I got another dumbo rat today as a new friend for my other 2 girlies, with all my years owning rodents and rats i can happily walk around with them always sitting and holding on well and never falling untill now sad.gif well today I had my new dumbo rat and my other 2 on my shoulders, the dumbo fell or might of been nudged by another or jumped and before I noticed she had gone under my foot sad.gif I feel sooo bad, took her straight to the emergency vet, cost Â£90, she isnt moving much but isnt paralized as she can still move about. however her nose was bleeding which is usually a sign of head trauma and I did hear a crack when it happened, her toenail has broken but im not sure if that was the crack as rats cant have mri;s the vet couldnt feel any obvious breakage but her jaw dosnt feel too right, however rats jaws are very flexible so its hard to tell if its out of place or not. She has had fluids and pain killers injected and she is lying on my lap atm in a blanket. Its 50/50 wether she lives or dies sad.gif 

I have a syringe and am giving her water at regular intervals and she seems to be taking it, has just started closing her eyes im hoping its just to go to sleep.


----------



## vegan_bexx (Nov 4, 2007)

Fingers crossed. i hope everything is ok, but i cant offer any advise because i've never been in this situation before. best wishes.


----------



## sunbirdx (Dec 1, 2007)

Oh, so sorry! I can totally relate, one time when my girls were out free ranging, they knocked over an aluminum baseball bat (Stupid, why did I put it there), and one of the rats tails got smashed. Luckily, no break, just severe swelling (it was on carpet)....I also had one of my rats grabbed by my roomate's basenji and seriously chewed on. She had some internal damage and immediately went in to shock. Spent the whole night nursing her through her shock (blanket, heating lamp, syringing water every 10 minutes). She made it, and lived another year.

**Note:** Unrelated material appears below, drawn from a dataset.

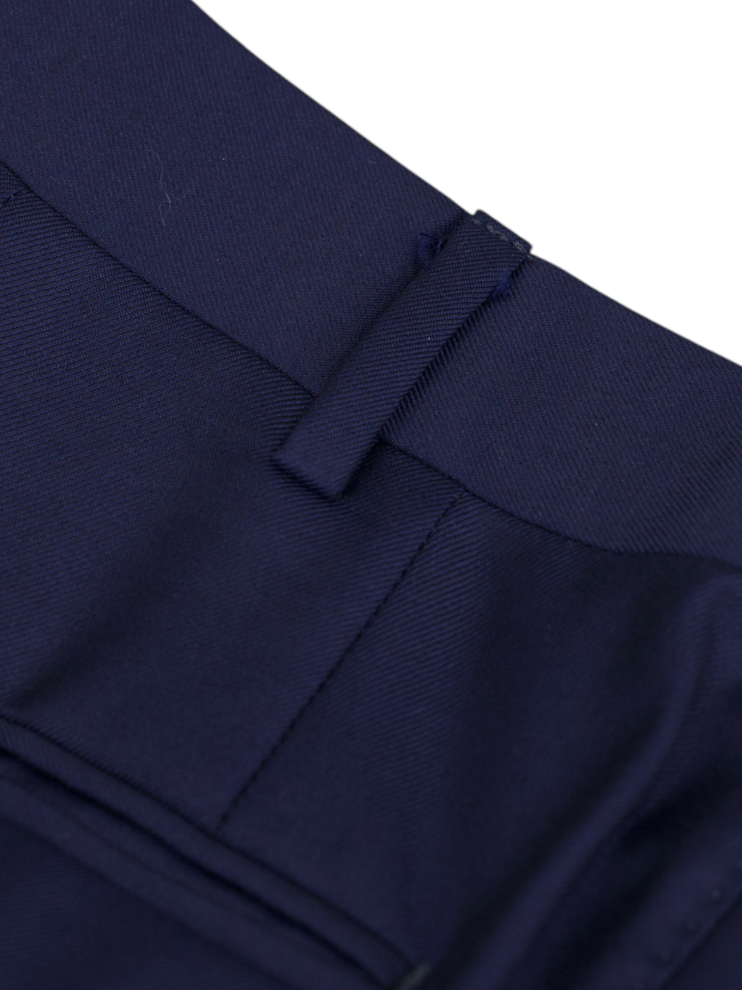 The turn-up hem, or cuffed hem, is a classic style where the fabric at the bottom of the trousers is folded outward to create a visible cuff. This style originated with Edward VII in the late 19th century, who had his trousers tailored with cuffs to prevent them from getting muddy, sparking a trend among the fashionable elite. In the 1920s and 1930s, turn-ups became a symbol of wealth and sophistication, as having extra fabric was seen as a luxury. This association continued after World War II when wearing turn-ups subtly indicated affluence in an era of fabric rationing. Today, turn-up hems are a nod to their historical roots, offering a touch of classic elegance and enhancing the overall appearance of formal and tailored trousers.

I guess what I am saying is accidents do happen no matter how much we safeguard. Don't feel guilty, we all know you would never do this on purpose.

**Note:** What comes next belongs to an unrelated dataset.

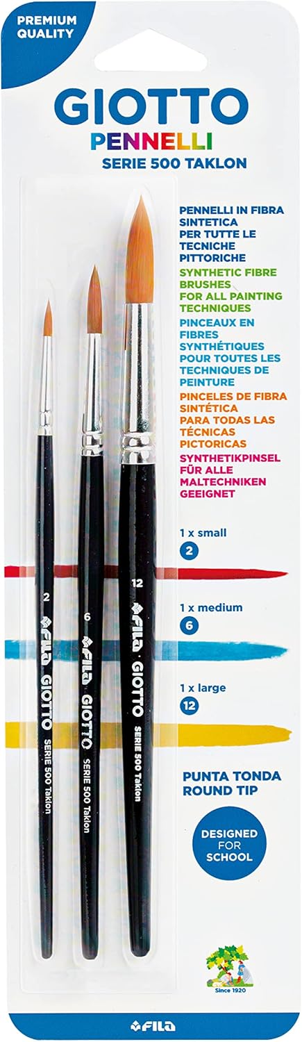 GIOTTO Taklon 500: Set di 3 Pennelli a Punta Tonda in Fibra Sintetica

let us know if she pulls through.


----------



## madeittothemoon (Nov 1, 2007)

I'm so sorry... I hope she makes it.


----------



## ari3189 (Dec 2, 2007)

oh my god. i can't even imagine, i would feel so awful. i'm so sorry. i'll pray for your baby girl!


----------



## ledzepgirl16 (Oct 29, 2007)

sunbirdx said:


> I guess what I am saying is accidents do happen no matter how much we safeguard. Don't feel guilty, we all know you would never do this on purpose.
> 
> let us know if she pulls through.


I agree, often we don't realize something's not a great idea until something bad happens. We just live and learn. :wink: Sounds like you're doing all you can, and yes, keep us posted.


----------



## Berks (May 15, 2007)

fingers will be crossed for you and your girl


----------



## Cassi (Oct 19, 2007)

thanks for all your kind comments she is moving around a little bit and am givig her lots of fluid via syringe and she is taking it which is good..i suppos
e im making myself feel better by telling myself that lots of people would of said no when given a quote on the phone of Â£90 plus when all they could do was give her pain killers but i still took her in so it must shows how much i care, il update in the morning, thanks again for the best wishes..

cas x


----------



## lostbutnotforgot (Apr 19, 2007)

We all make mistakes, please don't beat yourself up over this. You really do care for your rats, thats not something everyone could say (about even their dog or cat). A friend of mine fell on her Chihuahua and broke the chi's hip, but it wasn't anyone's fault. Accidents happen. I hope she gets better! Best wishes from me too!


----------



## magster321 (Dec 4, 2007)

poor little thing - hope she is better soon - got my fingers crossed for you 
keep positive


----------



## madeittothemoon (Nov 1, 2007)

I'm glad that she's getting a little better, I hope she keeps it up!


----------



## Cassi (Oct 19, 2007)

update, still alive this morning and moving about a bit more  had a bit more blood on her nose this morning but went off and cleaned herself up so thats a good sign


----------



## ration1802 (Sep 25, 2007)

My mum degloved the tip of one of my girls tails once, as Ivy was about to run off of the sofa and instinct just took over and she grabbed her. My mum (a self confessed rat grump) cried on and off for a night about it because she felt so bad. Point is, these things happen. What matters is your helping her as much as you can now, and that's good to see, because like you say, there are a lot of rat owners out there who wouldn't.

Good to see she's doing a little better now. Fingers crossed!


----------



## Poppyseed (Feb 1, 2007)

The blood on her nose could be porphyrin too, a sign of stress or illness.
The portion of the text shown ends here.